[Stored records]

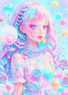 beautiful kawaii naughty girl, hyper detailed, cotton candy curly hair, candy freckles, bright makeup, holographic transparent candy dress, close-up portrait, highly detailed illustration, candyland character design, surrounded by swirls of ice cream and cream butter Pale pastel colors, bubblegum bubbles, gradient background. the candy girl, paleColor
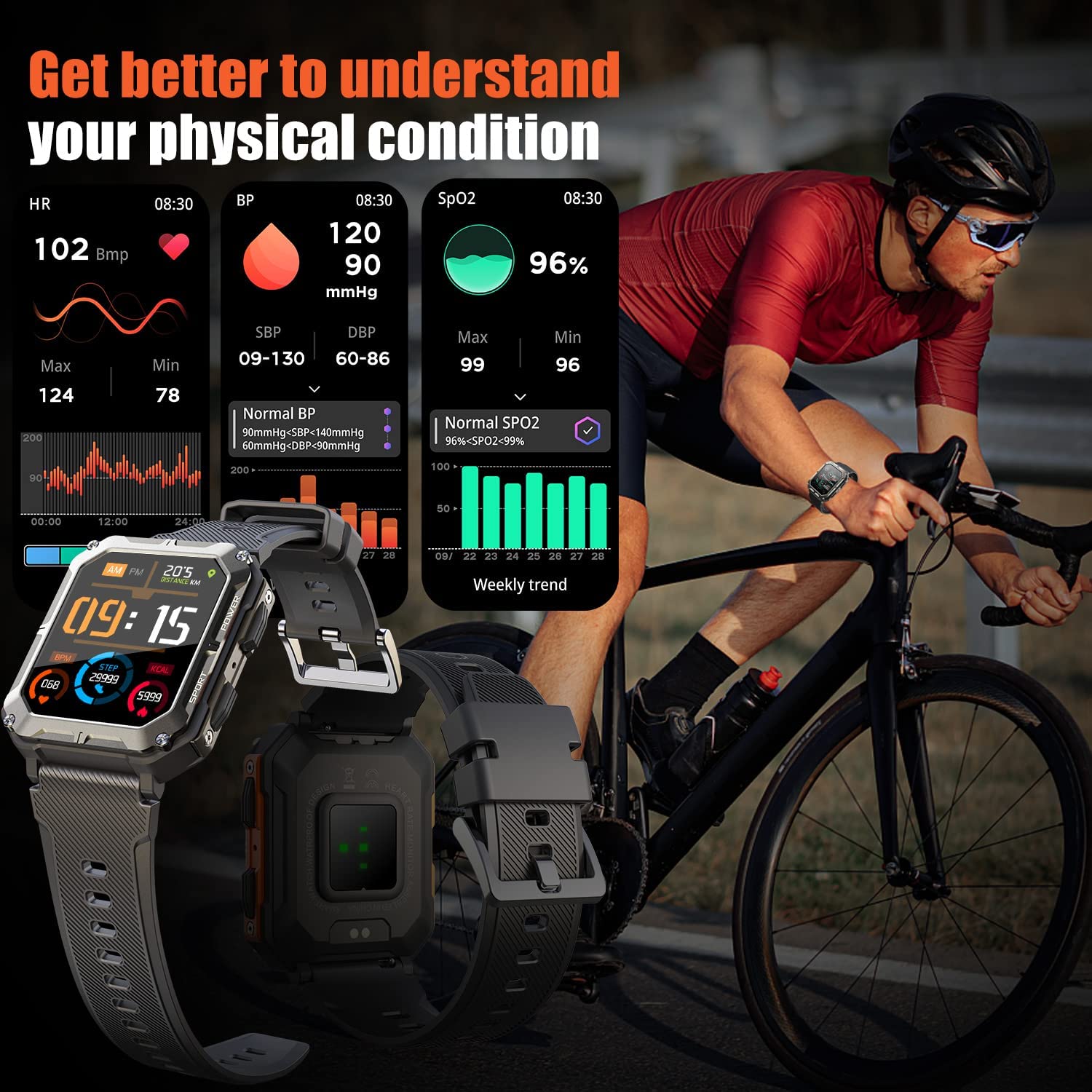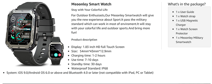 - 【Fitness Smartwatch for Outdoor enthusiasts】This Meoonley Sportwatch designed for outdoor enthusiasts.It pass Military Standard Verification. It can work in most of extreme conditions.And it support IP68 Waterproof standard.You can wear this sport watch while washing hands, walking in the rain or swimming even underwater sports. It can meet all your daily needs even underwater exploration.To enjoy the fun of outdoor exploration.
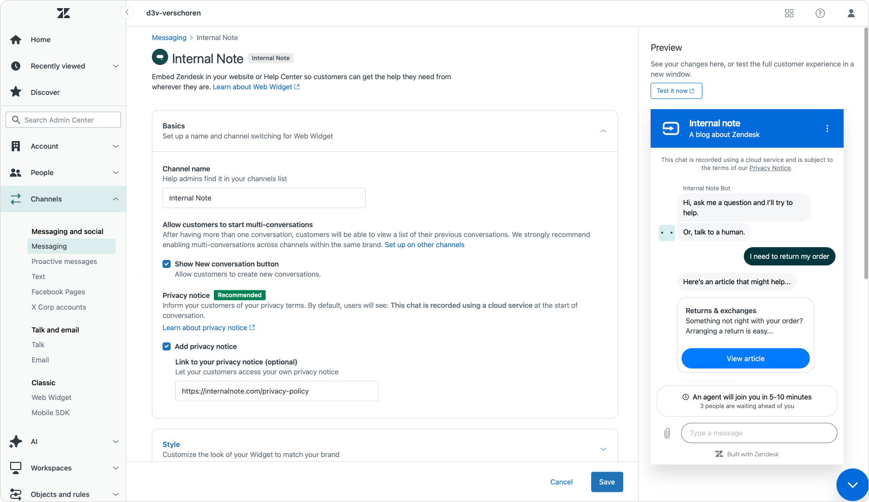 Within the Web Widget settings you can now enable a privacy notice. This will add a message at the top of your web widget with a link to your privacy policy. Perfect to explain customers how (and if) you're using AI, or all those other important privacy notices.
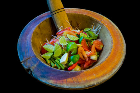 Preparing papaya salad and ingredients in a mortar, Thai style street food.
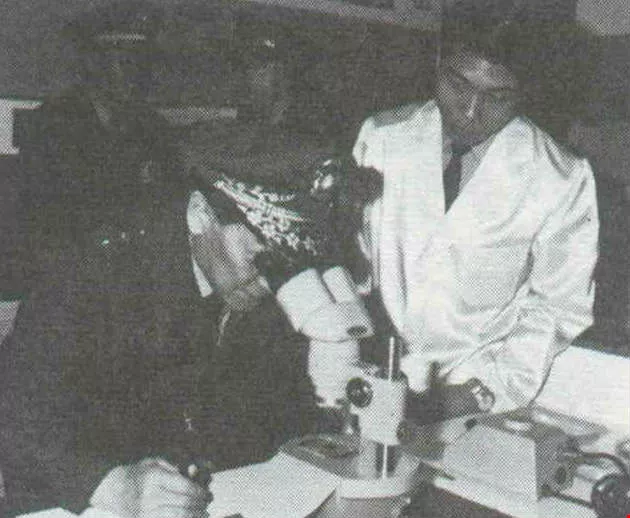 上圖:緯國將軍視察聯勤生產單位的業務,圖為他在看顯微鏡。(楊永山/歐陽芷汀/楊清華)

▶ **AIM OF THE EXERCISE**
The copy must reproduce every entry exactly while excluding all pictures.

▶ **YOUR SOLUTION**
 beautiful kawaii naughty girl, hyper detailed, cotton candy curly hair, candy freckles, bright makeup, holographic transparent candy dress, close-up portrait, highly detailed illustration, candyland character design, surrounded by swirls of ice cream and cream butter Pale pastel colors, bubblegum bubbles, gradient background. the candy girl, paleColor
 - 【Fitness Smartwatch for Outdoor enthusiasts】This Meoonley Sportwatch designed for outdoor enthusiasts.It pass Military Standard Verification. It can work in most of extreme conditions.And it support IP68 Waterproof standard.You can wear this sport watch while washing hands, walking in the rain or swimming even underwater sports. It can meet all your daily needs even underwater exploration.To enjoy the fun of outdoor exploration.
 Within the Web Widget settings you can now enable a privacy notice. This will add a message at the top of your web widget with a link to your privacy policy. Perfect to explain customers how (and if) you're using AI, or all those other important privacy notices.
 Preparing papaya salad and ingredients in a mortar, Thai style street food.
 上圖:緯國將軍視察聯勤生產單位的業務,圖為他在看顯微鏡。(楊永山/歐陽芷汀/楊清華)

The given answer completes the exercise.